Since your trainers died with a signal (SIGHUP) which is typically sent when the terminal is closed, you’ll have to dig through the log (console) output to see what the actual exception was (or where the program was before it got killed). I recommend you register this faulthandler to get the trace information : faulthandler — Dump the Python traceback — Python 3.10.0 documentation

Did you find a solution? I am running into the same problem.

1 Like

How do you submit job? I met the same problem when using nohup command (affected by terminal shutting down?). Now, I am trying to use screen command.
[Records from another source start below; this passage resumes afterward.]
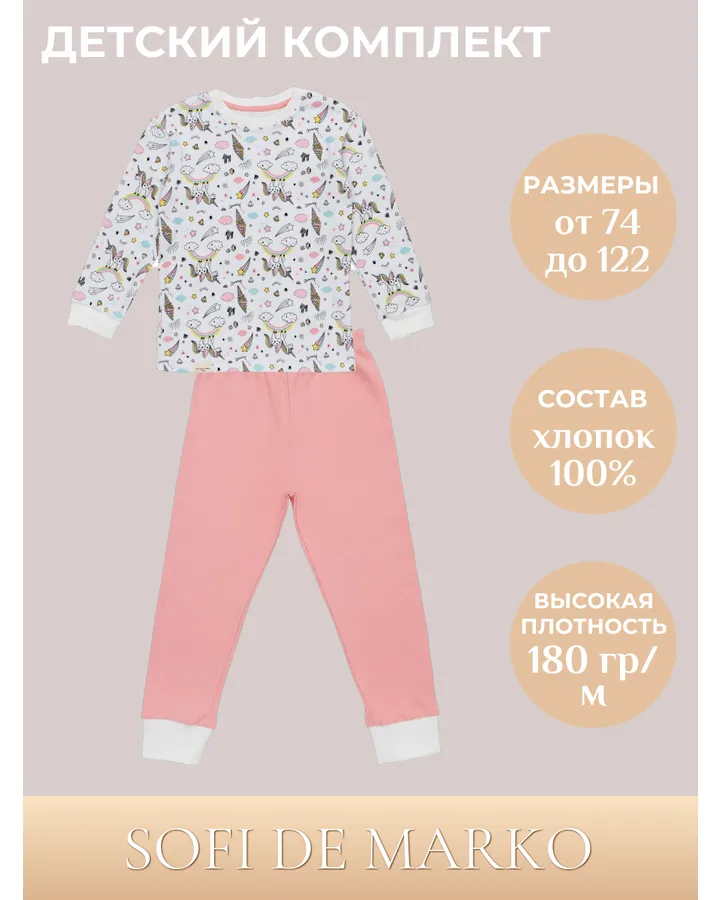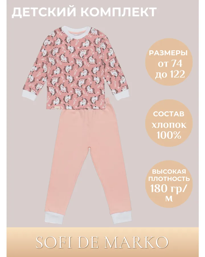 Пижама Sofi de MarkoПокупала по акции за 820руб. Дороже она не стоит этих денег,обычная пижама. Ткань мягкая, после стирки не деформировалась. Ребёнку очень нравится потому, что нарисован трактор))) На рост 79 см, вес 10,5кг идеально подошёл размер 80-86. Штаны как раз, рукава на кофте чуть велики.
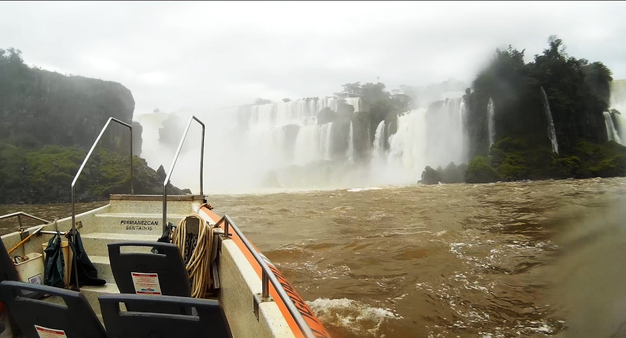 船家先把船开往Isla San Martin左边方向,让游客可以近距离对瀑布拍照, 正当大家沉醉在眼前的美景时,突然船开动了,直接冲向瀑布底!
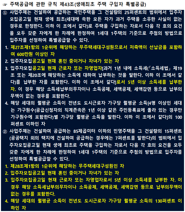 주택공급에 관한 규칙에 따라 생애최초 주택 구입자 특별공급에 대한 사항은 위와 같습니다. 다시 법에 따라 제27조 제1항의 1순위에 해당하는 무주택 세대 구성원으로 선납금 600만원 이상을 말하고 있습니다.
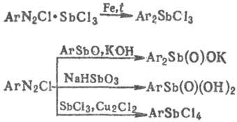 При восстановлении R3SbX2, диарилстибиновых и арил-стибоновых к-т образуются соответственно R3Sb, Ar2SbX и ArSbX2; при разложении R3SbX2 и R2SbX3-соответственно R2SbX и RSbX2; нагревание Sb с RX (R = Alk, Ph, винил) в присутствии Си приводит к смеси R2SbX и RSbX2; р-ция R2SbNa с R'X дает R2SbR'. Для получения ArSbO и Ar2SbX используют разложение двойных диазониевых солей порошком Zn (диазометод Несмеянова), напр.:
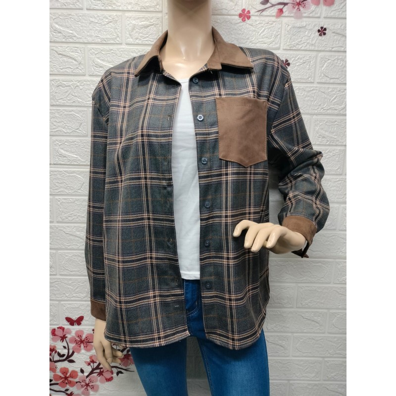 Camisa de manga larga con un patrón de cuadros,Talla unica equivalente 34 a 42
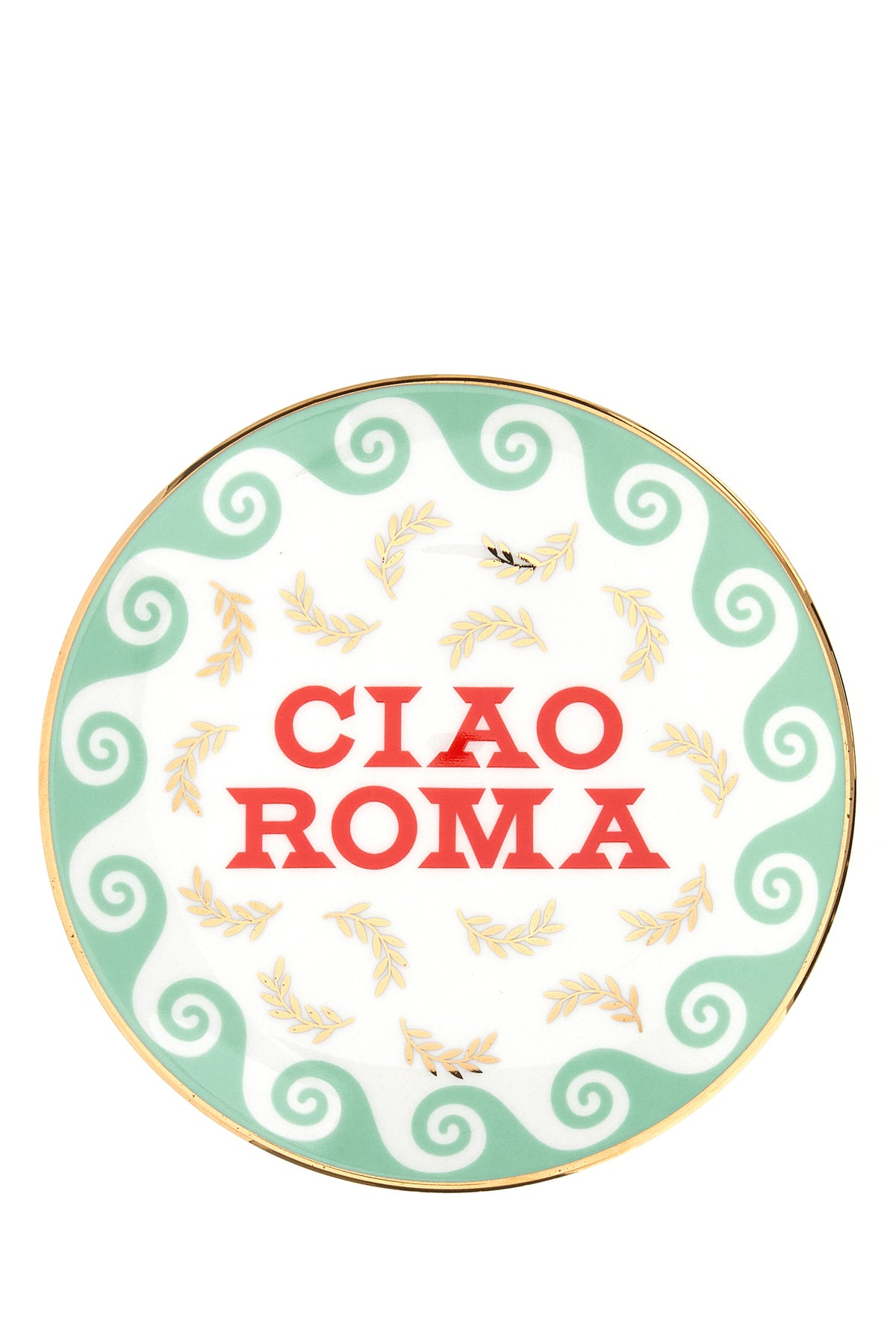 Piatto realizzato in porcellana arricchito da decorazione "Ciao Roma".
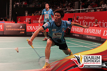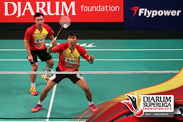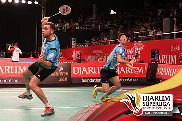 Lee Yong Dae/Vladimir Ivanov (Musica Champion) berusaha menggapai pengembalian dari Rian Agung/Trikusuma Wardana (Jaya Raya Suryanaga).
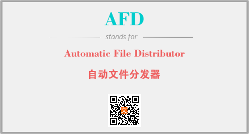 英文缩略词“AFD”经常作为“Automatic File Distributor”的英文缩写来使用,中文表示:“自动文件分发器”。本文将详细介绍英文缩写词AFD所代表英文单词,其对应的中文拼音、详细解释以及在英语中的流行度。此外,还有关于缩略词AFD的分类、应用领域及相关应用示例等。
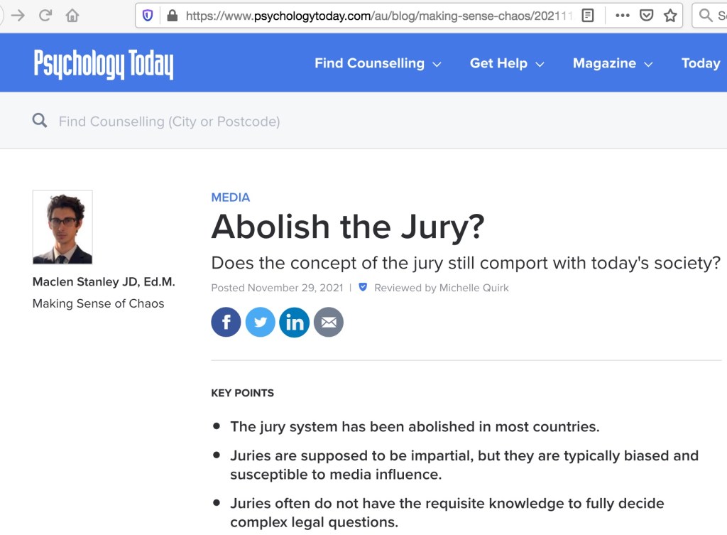 There is a place for juries which obviously do include professional people from all walks of life who can provide an important check and balance to often oppressive legislative excesses and so on of politicians who are often nothing more than mouthpieces for corporate sponsors:

I am using 1.10 and I also face this problem…

1 Like

I just gave up using ddp :expressionless:

1 Like

I also use the nohup command and I’m sure it’s not about terminal shutting down.

1 Like

@wachhu Do you have a simple repro for this issue? It would help us narrow down the issue further.

@Kiuk_Chung Was wondering if there is a parent/controlling process involved here in our framework which might exit unexpectedly causing this issue?
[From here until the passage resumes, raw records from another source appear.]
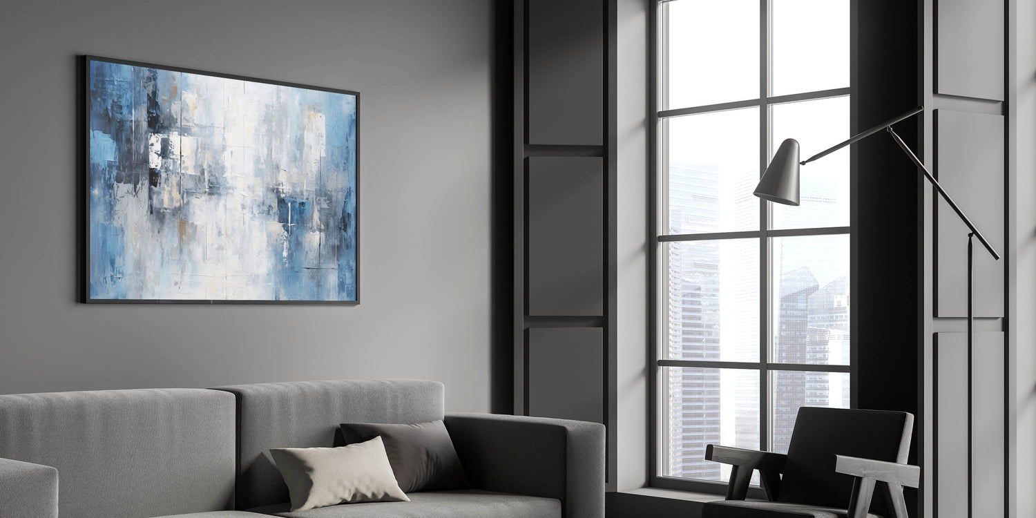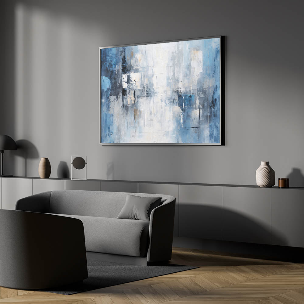 Ideal for living rooms, bedrooms, or offices, this artwork brings a sense of peace and sophistication to any space. Its cool color palette and structured design make it a versatile addition to modern decor.
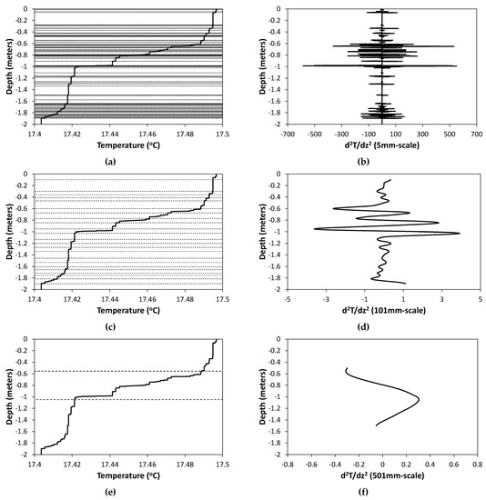 Illustration of the process of calculating the number of layers identified at different spatial scales, by counting turning points (peaks and troughs) in the d2T/dz2 profile: (a) location of layer edges (“shoulders”) at 5 mm scale; (b) d2T/dz2 at 5 mm scale (c) location of layer edges at 101 mm scale; (d) d2T/dz2 at 101 mm scale; (e) location of shoulders at 501 mm scale; (f) d2T/dz2 at 501 mm scale.
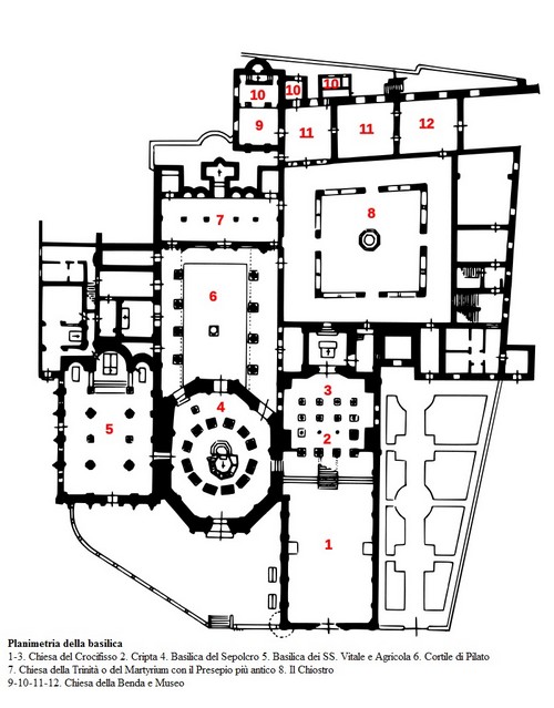 Capilla de la Venda, Jerusalén boloñesa, Patio de Pilatos, Pila de Pilatos, San Esteban, San Juan al Monte, San Petronio, San Vital y Agrícola, Sancta Jerusalem Bononiensis, Santo Sepulcro, Venda de la Virgen María
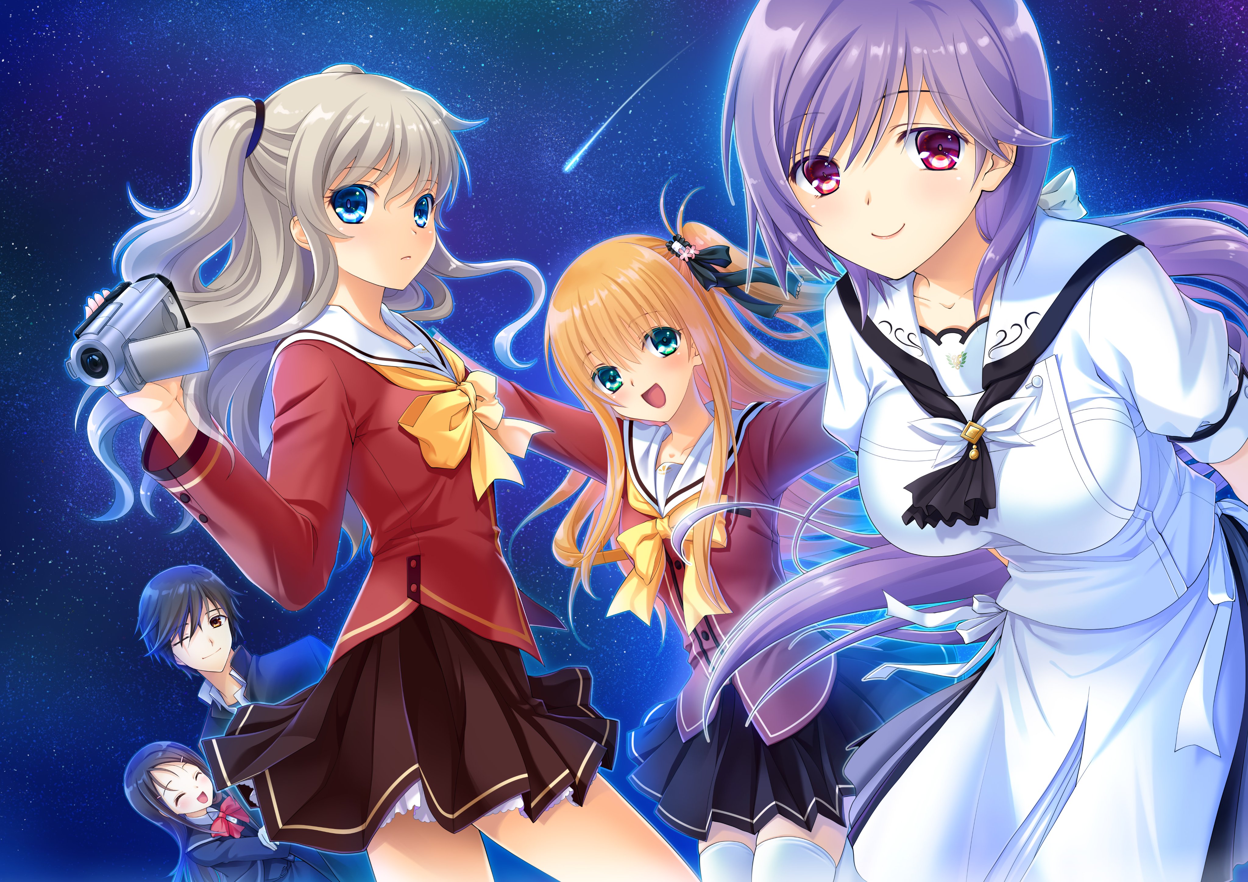 1boy 4girls :d absurdres black_skirt blonde_hair blue_eyes breasts brown_skirt camcorder charlotte_(anime) commentary company_connection crossover dress english_commentary grey_hair hamada_mari hand_up highres hoshinoumi_academy_school_uniform key_(company) large_breasts leaning_forward long_hair long_sleeves looking_at_viewer low_ponytail miniskirt mizuori_shizuku multiple_girls nishimori_yusa one_eye_closed one_side_up open_mouth otosaka_ayumi otosaka_yuu pleated_dress pleated_skirt ponytail purple_hair red_eyes red_shirt sailor_collar scar scar_across_eye scar_on_face school_uniform serafuku shirt shooting_star sidelocks skirt sky smile star_(sky) starry_sky summer_pockets thighhighs tomori_nao two_side_up very_long_hair video_camera wavy_hair white_sailor_collar white_serafuku white_shirt white_thighhighs zettai_ryouiki

Its hard to tell what the root cause was from the provided excerpt of the logs. I need the full logs. But from this line:

WARNING:torch.distributed.elastic.multiprocessing.api:Sending process 15342 closing signal SIGHUP
WARNING:torch.distributed.elastic.multiprocessing.api:Sending process 15343 closing signal SIGHUP

what is probably happening is that the launcher process (the one that is running torch.distributed.launch got a SIGHUP. To make sure the worker PIDs are not orphaned, torchelastic will forward any signals the launcher process received down to the worker process (code here: pytorch/api.py at master · pytorch/pytorch · GitHub).
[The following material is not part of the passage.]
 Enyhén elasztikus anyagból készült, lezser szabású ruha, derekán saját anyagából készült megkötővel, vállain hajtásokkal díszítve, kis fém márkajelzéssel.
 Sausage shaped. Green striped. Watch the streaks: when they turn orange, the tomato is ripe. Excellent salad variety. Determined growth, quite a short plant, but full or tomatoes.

In this case PIDs 15342 and 15343 are the worker PIDs that get sent a SIGHUP because the launcher PID (the parent) got a SIGHUP.

If the launcher is wrapped with nohup:

$ nohup python -m torch.distributed.launch ...

Then theoretically the SIGHUP shoud’ve been ignored and not passed-through to the launcher PID, but from the logs its clear that’s not what happened. FWIW here are the signals that are passed-through to the worker PIDs from the elastic agent: SIGTERM, SIGKILL, SIGHUP, SIGQUIT (for unix) and SIGTERM, SIGKILL (for windows). See: pytorch/api.py at master · pytorch/pytorch · GitHub

So I was able to repro this with nohup. Currently torch.distributed.launch, torchrun, torch.distributed.run will all not work with nohup since we register our own termination handler for SIGHUP, which overrides the ignore handler by nohup. If you need to close the terminal but keep the process running, then you can use tmux or screen.

1 Like

If you are using the server terminal to run the nohup ddp-program, torch.distributed.launch, torchrun, torch.distributed.run, you need to use the exit command to exit instead of closing the terminal directly. Nohup has a little bug when multi-process.

I am also having the same issue. any solutions for this?